Не просуществовав и полдюжины лет, Фабианское общество уже отчаянно нуждалось в психоанализе, да и не было еще правительства или партии, училища или религии, которые бы в очень короткий срок не втянулись во внутренние раздоры и противоречия. Неужели так всегда и будет?

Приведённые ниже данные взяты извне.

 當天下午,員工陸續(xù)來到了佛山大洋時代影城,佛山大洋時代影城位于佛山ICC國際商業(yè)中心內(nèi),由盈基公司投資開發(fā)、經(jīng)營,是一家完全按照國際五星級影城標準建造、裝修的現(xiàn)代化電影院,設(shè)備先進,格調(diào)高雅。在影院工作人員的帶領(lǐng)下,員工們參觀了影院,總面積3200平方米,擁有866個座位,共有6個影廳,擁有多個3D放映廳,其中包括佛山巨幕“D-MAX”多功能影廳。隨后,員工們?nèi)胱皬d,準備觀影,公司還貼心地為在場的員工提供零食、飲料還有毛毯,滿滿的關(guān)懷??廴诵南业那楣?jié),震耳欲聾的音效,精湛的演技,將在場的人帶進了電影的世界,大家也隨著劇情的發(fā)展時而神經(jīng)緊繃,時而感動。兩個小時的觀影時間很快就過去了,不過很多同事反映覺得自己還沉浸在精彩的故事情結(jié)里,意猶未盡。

Если бы мы лучше понимали друг друга и могли сработаться (ведь каждый вроде бы хотел добра), если бы получили более широкое, правильное образование, если бы лучше планировали и управляли, много ли дольше продержалось бы наше Общество? Неужели неизбежны и неисцелимы странности Бландов, умственные взбрыки Шоу, нелады всех этих энтузиастов?

Федерация новой жизни минула как сон, но когда-нибудь, через годы, если человечество не погибнет, возникнет другая, и подлинная, Федерация. Я едва удерживаюсь от того, чтобы бросить и так достаточно обширную автобиографию и перейти к, видимо, бесконечным рассуждениям о том, как ведут себя люди, к синтезу, к выжимкам всех доступных биографий. Самое время окликнуть мое неуемное перо, как окликает хозяин расшалившуюся собаку, и вернуться к собственной истории, от космобиографии — к автобиографии, рассказывая дальше, как, несмотря ни на что, справившись со всеми метаниями, я нашел наконец простую, четкую цель в идее образовательного, политического и экономического единения всех людей.

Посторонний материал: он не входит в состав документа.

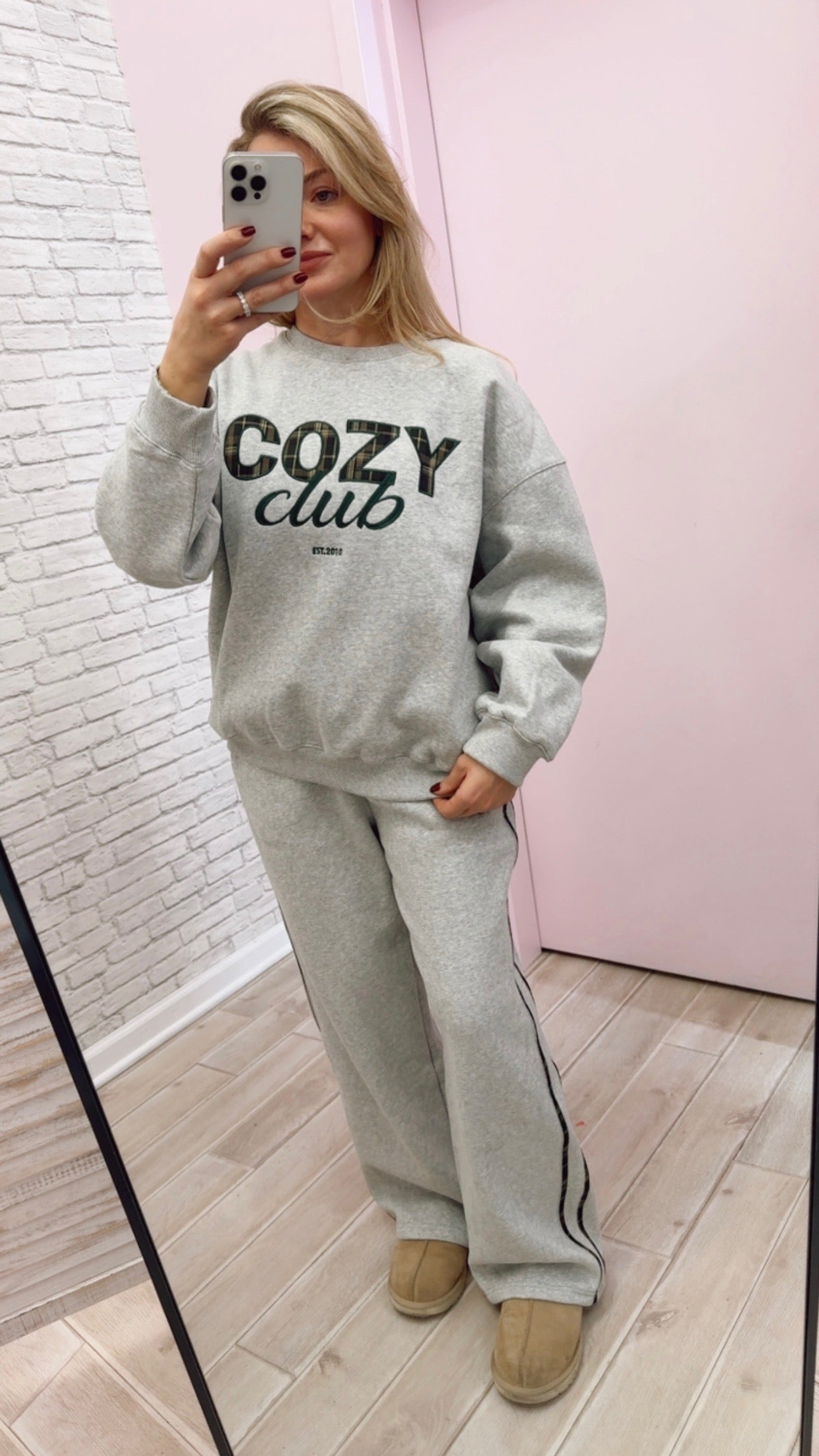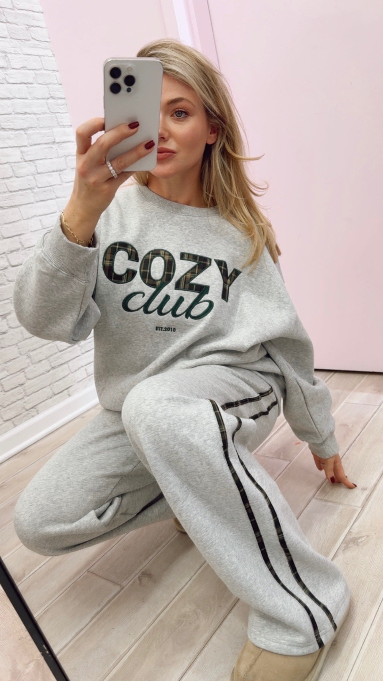 This embroidered "Cozy Club" sweatshirt is your new go-to for that perfectly relaxed, wrapped-in-warmth feeling. Grab the set and you're all set to embrace maximum coziness without sacrificing an ounce of style.

Об этой умственной и нравственной консолидации я поведаю в последней главе. В те первые сандгейтские дни меня не только все больше пленяла общественная деятельность à la Webb[24], служение благородным и полезным целям, но и сильнее или так же сильно влекло в другую сторону — к искусству. Я никогда не мог вполне оправдать «позицию художника», но понимаю и принимаю доводы в ее пользу. Ее на разные лады, весьма заманчиво излагали те блестящие люди, в чью орбиту я попадал. Профессор Йорк Пауэлл, познакомившись со мной через Уотсона и «Пэлл-Мэлл газетт», рьяно доказывал, что «художник» живет сам по себе, ибо его задача — служить своему «дару». Он может, если хочет, иметь деньги, а в свободное время заняться политикой, но основной его долг — выражать то божественное, чем он наделен.

Йорк Пауэлл, крупный бородатый человек, охотно и звучно смеявшийся низким смехом, часто наведывался в Сандгейт, где у него был друг — старый, грубоватый лодочник, большой чудак. Звали его Джим Пейн. Я всячески старался, чтобы Пауэлл приобщил меня к волшебному миру рыбной ловли и особой терпкой мудрости Джима Пейна, однако не преуспел. Пауэлл пытался ради меня разговорить Джима, но из того нельзя было вытянуть и слова. Ничего не вышло.

В сандгейтский дом заезжал и Боб Стивенсон, которого его кузен Роберт Луис в «Беседах и собеседниках» окрестил Джеком-Попрыгунчиком. Он недавно перенес удар и уже не оправился. Я знал его еще до болезни и помню, как блистательно он говорил. Однажды он рассказывал, что сделает, если получит в наследство два миллиона. Один миллион он не тронет — нельзя же лишить себя последнего миллиона! — а уж второй спустит или раздаст. Вначале он закатит шикарный обед, причем, что важно, посыльные из банка принесут ему шкатулку, набитую чековыми книжками, а сами будут в алых куртках и с новой позолоченной тесьмой на цилиндре. И друзей он пригласит тех, чье присутствие и совет помогли бы разумнее и щедрее жертвовать; он замышлял удивительнейшие дары и траты. Некоторое представление о его безудержной фантазии я попытался дать в рассуждениях Юарта о Городе Женщин в «Тоно Бенге». Юарта, впрочем, не назовешь даже карикатурой на Боба: я дал ему только его манеру речи. Боб Стивенсон, как и Йорк Пауэлл, стоял за то, чтобы сосредоточиться на эстетике, махнув на все прочее рукой. Он никак не мог понять, чего хотят эти фабианцы. В его вселенной им места не было.

Генри Джеймс тоже превратил выразительность в особую, тщательно разработанную философию. Наука литературной критики сильно пострадала от того, что он умер раньше, чем его медленно разворачивающаяся автобиография дошла до момента, когда он смог бы изложить свои зрелые суждения. В разных беседах мы попытались нащупать контуры этой темы, однако даже вечеров в Лэм-хаусе хватило лишь на предварительные замечания.